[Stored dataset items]

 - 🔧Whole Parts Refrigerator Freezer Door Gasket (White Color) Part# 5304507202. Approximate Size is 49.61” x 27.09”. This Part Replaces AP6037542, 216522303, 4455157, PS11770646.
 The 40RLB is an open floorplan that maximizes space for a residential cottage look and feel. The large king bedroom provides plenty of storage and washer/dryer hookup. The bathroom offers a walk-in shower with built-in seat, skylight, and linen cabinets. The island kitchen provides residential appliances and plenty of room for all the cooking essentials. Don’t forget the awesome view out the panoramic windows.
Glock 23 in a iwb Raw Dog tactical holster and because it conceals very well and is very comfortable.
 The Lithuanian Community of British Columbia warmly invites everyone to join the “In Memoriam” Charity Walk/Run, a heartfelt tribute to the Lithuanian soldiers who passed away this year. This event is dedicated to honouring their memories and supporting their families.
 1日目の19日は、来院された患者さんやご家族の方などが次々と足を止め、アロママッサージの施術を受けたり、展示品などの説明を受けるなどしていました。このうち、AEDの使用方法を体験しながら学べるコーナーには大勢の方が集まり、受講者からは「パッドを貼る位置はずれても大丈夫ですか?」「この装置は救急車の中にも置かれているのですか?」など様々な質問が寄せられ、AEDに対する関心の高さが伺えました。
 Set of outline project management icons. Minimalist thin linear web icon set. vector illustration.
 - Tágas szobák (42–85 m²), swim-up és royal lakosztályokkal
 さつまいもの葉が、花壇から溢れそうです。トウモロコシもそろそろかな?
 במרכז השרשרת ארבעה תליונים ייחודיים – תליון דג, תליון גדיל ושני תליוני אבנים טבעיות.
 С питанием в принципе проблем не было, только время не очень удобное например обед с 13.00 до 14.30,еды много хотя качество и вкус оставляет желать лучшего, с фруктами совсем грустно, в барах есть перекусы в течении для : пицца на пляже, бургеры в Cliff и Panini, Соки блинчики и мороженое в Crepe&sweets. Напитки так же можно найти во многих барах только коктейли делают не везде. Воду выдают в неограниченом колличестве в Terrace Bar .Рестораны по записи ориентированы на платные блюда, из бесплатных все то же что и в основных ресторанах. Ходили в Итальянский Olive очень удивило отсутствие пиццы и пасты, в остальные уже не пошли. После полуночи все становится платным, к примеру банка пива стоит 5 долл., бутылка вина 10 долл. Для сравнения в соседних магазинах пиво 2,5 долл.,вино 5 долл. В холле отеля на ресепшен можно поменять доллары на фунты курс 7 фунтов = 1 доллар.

PROBLEM: Reproduce every line in the records above that contains the word "This".

ANSWER TO THE PROBLEM:
 - 🔧Whole Parts Refrigerator Freezer Door Gasket (White Color) Part# 5304507202. Approximate Size is 49.61” x 27.09”. This Part Replaces AP6037542, 216522303, 4455157, PS11770646.
 The Lithuanian Community of British Columbia warmly invites everyone to join the “In Memoriam” Charity Walk/Run, a heartfelt tribute to the Lithuanian soldiers who passed away this year. This event is dedicated to honouring their memories and supporting their families.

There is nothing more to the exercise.